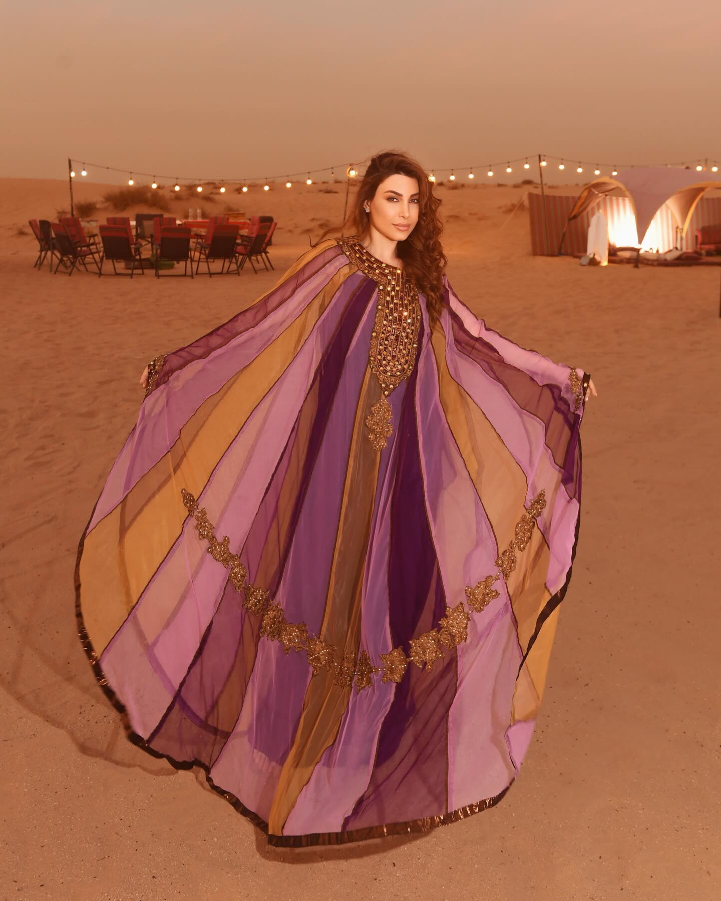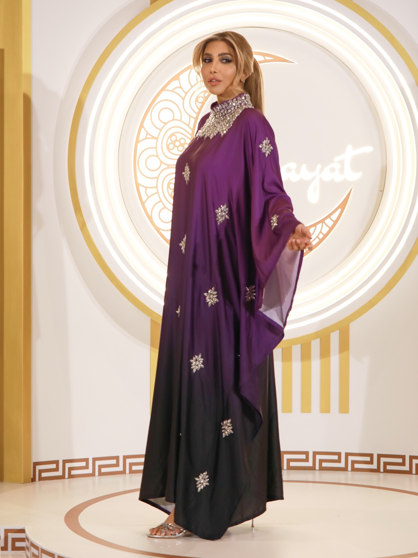 يارا اختارت عباءة واسعة من أقمشة شفافة بألوان البنفسجي والذهبي، تزيّنت بتطريزات لامعة أضفت فخامة واضحة على التصميم، فبدت الإطلالة مترفة وملائمة للأمسيات الرمضانية.
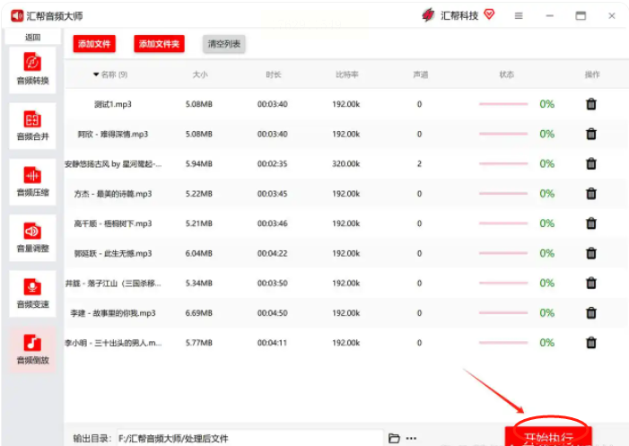 最后,点击界面上的"开始执行"按钮。软件会立即开始处理,每个文件都会显示独立的进度条。
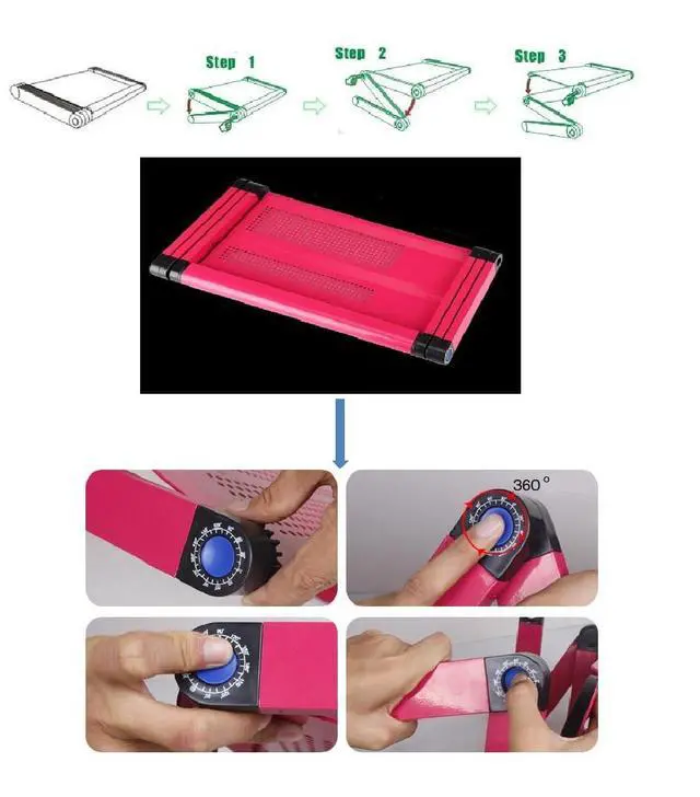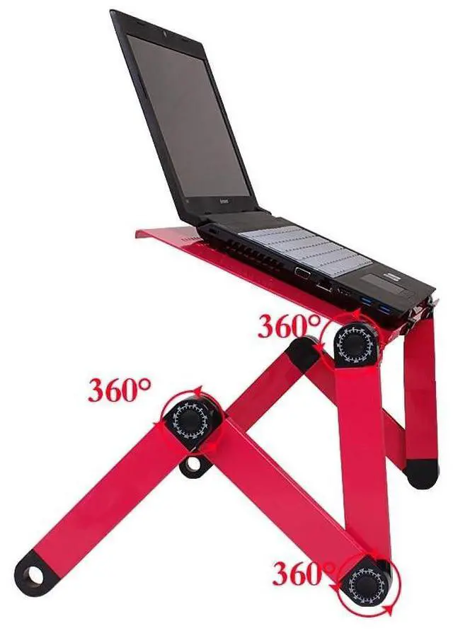 ^^ Material: Aluminum. Our desk laptop stand is made of lightweight, high-strength aluminum tray and ABS plastic auto-locking joints. It can better absorb and discharge heat for laptop to prolong the service life of laptop. ^^ Hmax = 48cm. Suitable and compatible for up to 17 inch / 17" MacBook Air/Pro, Dell, HP, Lenovo and all laptop/notebook/tablet/computer/magazine/book/iPad etc. An extra anti-slip clip on the laptop table tray is designated to clamp the stuff in place. You may use it as a book stand mount holder and TV bed tray. ^^ Smart design, highly functional with multiple uses, suitable for all settings, easy storage and portability. The multi-angle folding performance makes the desk act as computer desk, desk, book stand, snacks tray in various places like bed, sofa, floor and office, bringing in much convenience to your life. ^^ Enhanced Heat Dissipation Design is available now! The Built-in CPU fans are powered by a USB cable, 2 fans work, the upgraded design enhances the wind power. The fan blades are used to run at a high speed to achieve fast ventilation and no noise, quickly solve the computer high temperature problem, and protect your computer from harm.

• • • • • • •

Return the whole listing word for word. Pictures stay out of it.

EXPECTED OUTPUT:
 يارا اختارت عباءة واسعة من أقمشة شفافة بألوان البنفسجي والذهبي، تزيّنت بتطريزات لامعة أضفت فخامة واضحة على التصميم، فبدت الإطلالة مترفة وملائمة للأمسيات الرمضانية.
 最后,点击界面上的"开始执行"按钮。软件会立即开始处理,每个文件都会显示独立的进度条。
 ^^ Material: Aluminum. Our desk laptop stand is made of lightweight, high-strength aluminum tray and ABS plastic auto-locking joints. It can better absorb and discharge heat for laptop to prolong the service life of laptop. ^^ Hmax = 48cm. Suitable and compatible for up to 17 inch / 17" MacBook Air/Pro, Dell, HP, Lenovo and all laptop/notebook/tablet/computer/magazine/book/iPad etc. An extra anti-slip clip on the laptop table tray is designated to clamp the stuff in place. You may use it as a book stand mount holder and TV bed tray. ^^ Smart design, highly functional with multiple uses, suitable for all settings, easy storage and portability. The multi-angle folding performance makes the desk act as computer desk, desk, book stand, snacks tray in various places like bed, sofa, floor and office, bringing in much convenience to your life. ^^ Enhanced Heat Dissipation Design is available now! The Built-in CPU fans are powered by a USB cable, 2 fans work, the upgraded design enhances the wind power. The fan blades are used to run at a high speed to achieve fast ventilation and no noise, quickly solve the computer high temperature problem, and protect your computer from harm.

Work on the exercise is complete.